Health Secretary Thérèse Coffey will make the pledge as she unveils her NHS plan for this winter and next.
GPs will be able to take on extra staff, including senior nurses, while pharmacists will be asked to take on more work to free up appointments.
But GP leaders said the announcement would have a "minimal impact".
It comes amid declining satisfaction with access to GPs.
The most recent GP survey showed just over half of patients rated their experience as good.
Ms Coffey is due to announce the plan, which will also cover hospital services, in the House of Commons, on Thursday.
She is expected to say: "I will put a laser-like focus on the needs of patients, making their priorities my priorities and being a champion for them on issues that affect them most."
'I had to go to A&E for my cancer diagnosis'
Earlier this year, father-of-two Gareth Dixon, 40, from Warrington, who had been suffering chest pain, gave up trying to book a face-to face appointment with his GP and went instead to an accident-and-emergency (A&E) unit.
After a 15-hour wait, he was diagnosed with a rare form of leukaemia.
He says he is now receiving "superb care", but adds: "It was such as struggle - I had to push and push to be seen."
Key to improving access will be the recruitment of extra staff.
And having struggled to recruit GPs in recent years, the government is instead changing the funding rules to allow practices to take on more senior nurses and GP assistants, the equivalent of health-care assistants in hospitals.
Until now, much of the extra money available to general practice for new staff has had to be spent on non-nurse staff such as physiotherapists and pharmacists.
Pharmacists are also being given more powers to dispense medications, such as contraception, as well as taking on referrals from A&E for minor illnesses such as coughs and headaches.
Ministers hope these measures will free up about three million appointments a year - 1% of the total.
Our Plan for Patients will also detail the support the hospital system will receive for ambulances and A&E as well as to tackle the backlog in routine treatments.

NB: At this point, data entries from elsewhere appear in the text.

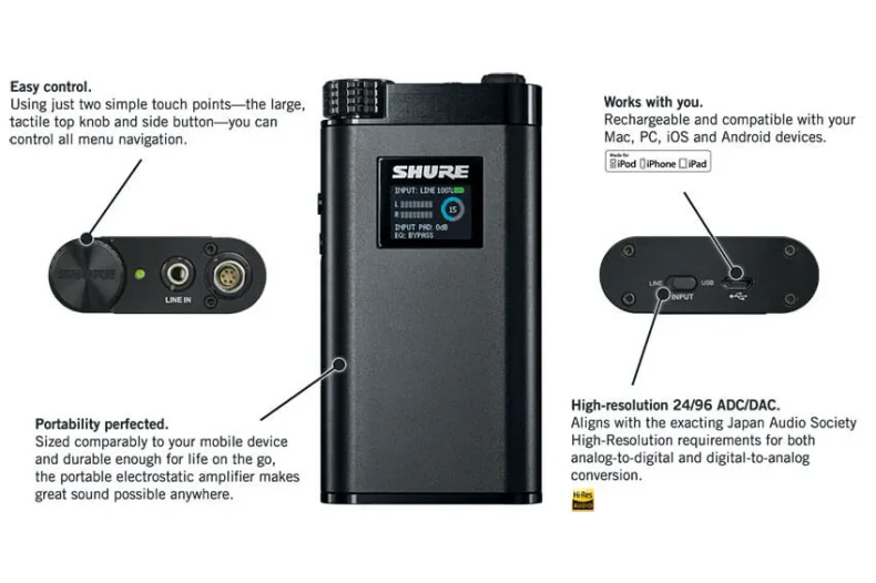 Included with the KSE1500 earphones is a rechargeable USB amplifier. The KSA1500 acts as a DAC or digital-analog converter.
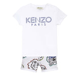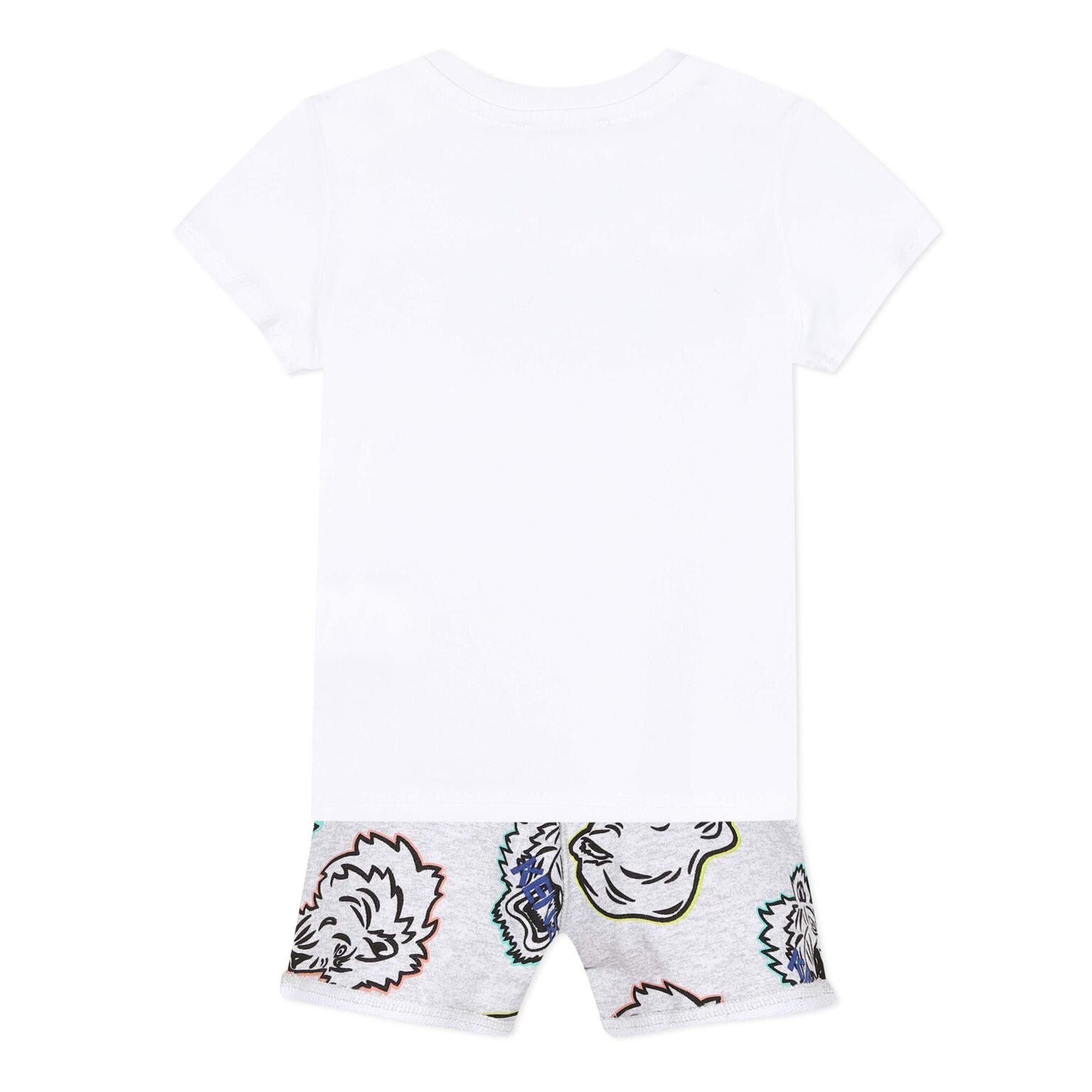 White, grey and blue cotton Jalel logo print tracksuit set from Kenzo Kids featuring a printed logo to the front, a graphic print, a short length, a round neck and short sleeves.
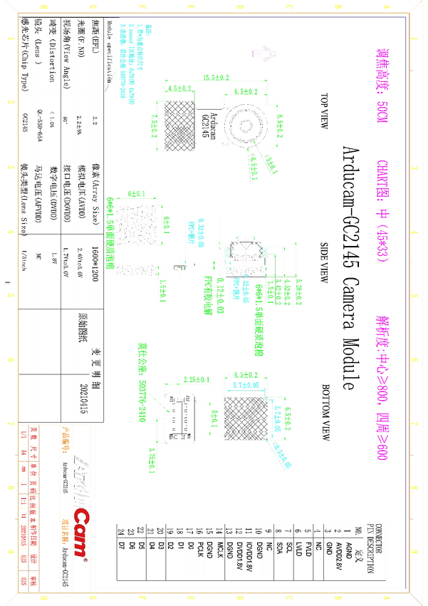TPX00216 2MP GC2145 Color DVP Camera Module for Arduino GIGA R1 WiFi Board
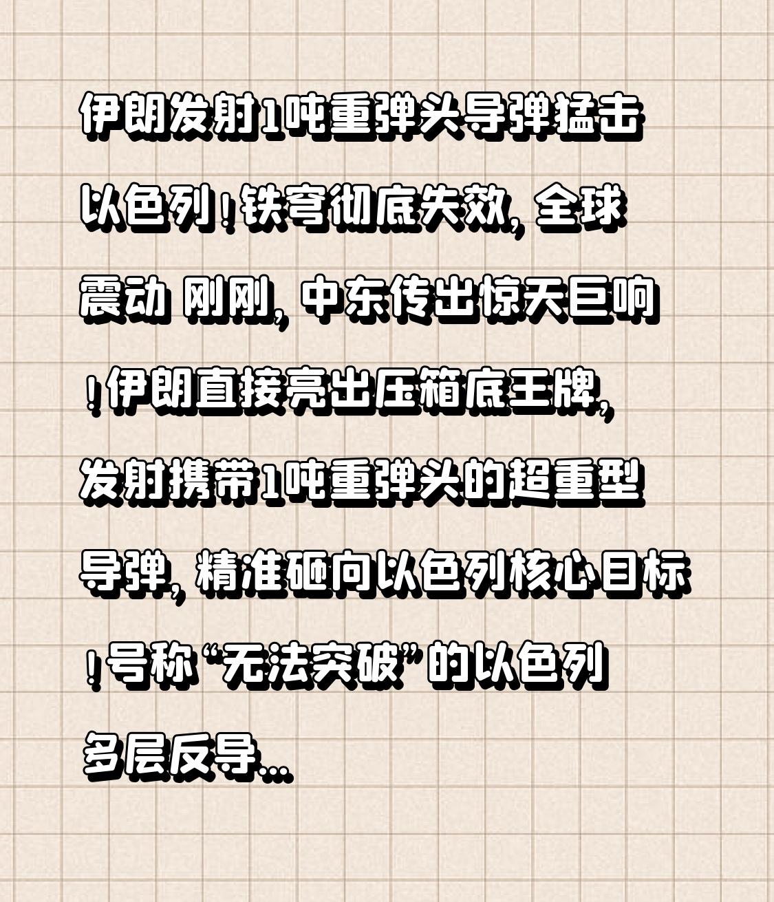 伊朗发射1吨重弹头导弹猛击以色列!铁穹彻底失效,全球震动 刚刚,中东传出惊天巨响!伊朗直接亮出压箱底王牌,发射携带1吨重弹头的超重型导弹,精准砸向以色列核心目标!号称“无法突破”的以色列多层反导系统,在这枚导弹面前形同虚设,全世界都看呆了! 3月5日清晨,伊朗伊斯兰革命卫队正式宣布,在“真实承诺-4”第19轮反击中,动用霍拉姆沙赫尔-4导弹,目标直指特拉维夫市中心、本-古里安国际机场以及机场内的空军基地。这不是普通导弹,而是一枚重达30吨、射程2000公里的“钢铁巨兽”,从伊朗本土发射,仅用7到10分钟就飞抵以色列上空。 最恐怖的是它搭载的1吨级重型弹头,威力相当于40多发重炮齐射,是战斧导弹的2.5倍,能直接击穿20米厚混凝土,机场跑道、地下指挥中心、加固机库,挨上就是毁灭性打击。 所有人都以为,以色列有铁穹、箭-3、大卫投石索组成的七层防御网,肯定能拦住。可关键转折来了! 这枚导弹末端速度高达8到16马赫,还能机动变轨,恰好卡在以色列反导系统的拦截盲区。伊朗官方直接证实:导弹成功突破多重防御,精准命中目标! 以军慌了,拦不住、拦不起、来不及反应!机场跑道被直接炸出巨坑,航班全面停飞,指挥中心瘫痪,这是伊朗对美以连日空袭的最强硬回击。没有虚张声势,没有警告,直接用一吨重的铁拳说话。 这一幕彻底改写中东格局:再强的防空系统,也挡不住真正的高超音速突防;再嚣张的对手,也扛不住同归于尽的决心。伊朗用实战告诉世界:尊严,只在剑锋之上;和平,只在实力范围之内。 我们始终反对战争,心疼战火中的平民。但我们也明白,弱国无外交,落后就要挨打。没有谁天生好战,只是被逼到绝境,只能以战止战。 愿战火早日熄灭,愿中东重归安宁,更愿所有国家都能守住自己的底线与尊严。 这场震撼全球的反击,你怎么看?评论区聊一聊。

Prof Martin Marshall, of the Royal College of GPs, said the announcement on GPs did not amount to a proper plan and would have a "minimal impact", accusing ministers of "lumbering a struggling service with more expectations" without the means to achieve them.
"GPs share patients' frustrations when we cannot deliver the care we want to deliver in a timely way," he said.

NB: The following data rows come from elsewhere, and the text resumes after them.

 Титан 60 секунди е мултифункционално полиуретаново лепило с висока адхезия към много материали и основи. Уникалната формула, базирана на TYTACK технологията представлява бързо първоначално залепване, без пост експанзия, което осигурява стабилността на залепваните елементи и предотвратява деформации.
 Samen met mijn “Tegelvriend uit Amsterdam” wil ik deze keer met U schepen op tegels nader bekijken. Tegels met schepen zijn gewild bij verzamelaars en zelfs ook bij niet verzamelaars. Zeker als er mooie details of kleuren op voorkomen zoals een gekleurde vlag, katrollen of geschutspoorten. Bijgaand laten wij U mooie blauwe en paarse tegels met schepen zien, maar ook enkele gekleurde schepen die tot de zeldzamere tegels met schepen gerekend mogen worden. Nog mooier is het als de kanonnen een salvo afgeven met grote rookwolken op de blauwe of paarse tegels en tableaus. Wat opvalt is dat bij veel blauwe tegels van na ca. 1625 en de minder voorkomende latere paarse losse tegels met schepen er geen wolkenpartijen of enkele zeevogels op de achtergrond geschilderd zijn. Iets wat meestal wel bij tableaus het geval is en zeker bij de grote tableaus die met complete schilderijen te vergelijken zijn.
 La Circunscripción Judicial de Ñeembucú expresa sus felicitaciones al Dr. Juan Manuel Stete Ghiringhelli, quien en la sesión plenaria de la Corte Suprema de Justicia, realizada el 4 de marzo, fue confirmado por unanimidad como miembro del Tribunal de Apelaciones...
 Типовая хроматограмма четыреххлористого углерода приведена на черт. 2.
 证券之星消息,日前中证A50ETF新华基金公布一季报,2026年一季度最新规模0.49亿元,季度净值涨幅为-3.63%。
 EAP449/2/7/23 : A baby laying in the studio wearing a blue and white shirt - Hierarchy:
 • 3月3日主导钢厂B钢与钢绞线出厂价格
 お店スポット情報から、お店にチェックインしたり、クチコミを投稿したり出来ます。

"But we are caring for an increasing number of patients, with increasingly complex health needs and carrying out more consultations with fewer qualified, full-time GPs."
Labour shadow health secretary Wes Streeting said: "The Conservatives have failed to provide the doctors and nurses needed to treat patients on time - and patients are paying the price in record long waiting times.
"Unless the government bring forward a plan for the NHS staffing crisis , they don't have a plan for the NHS."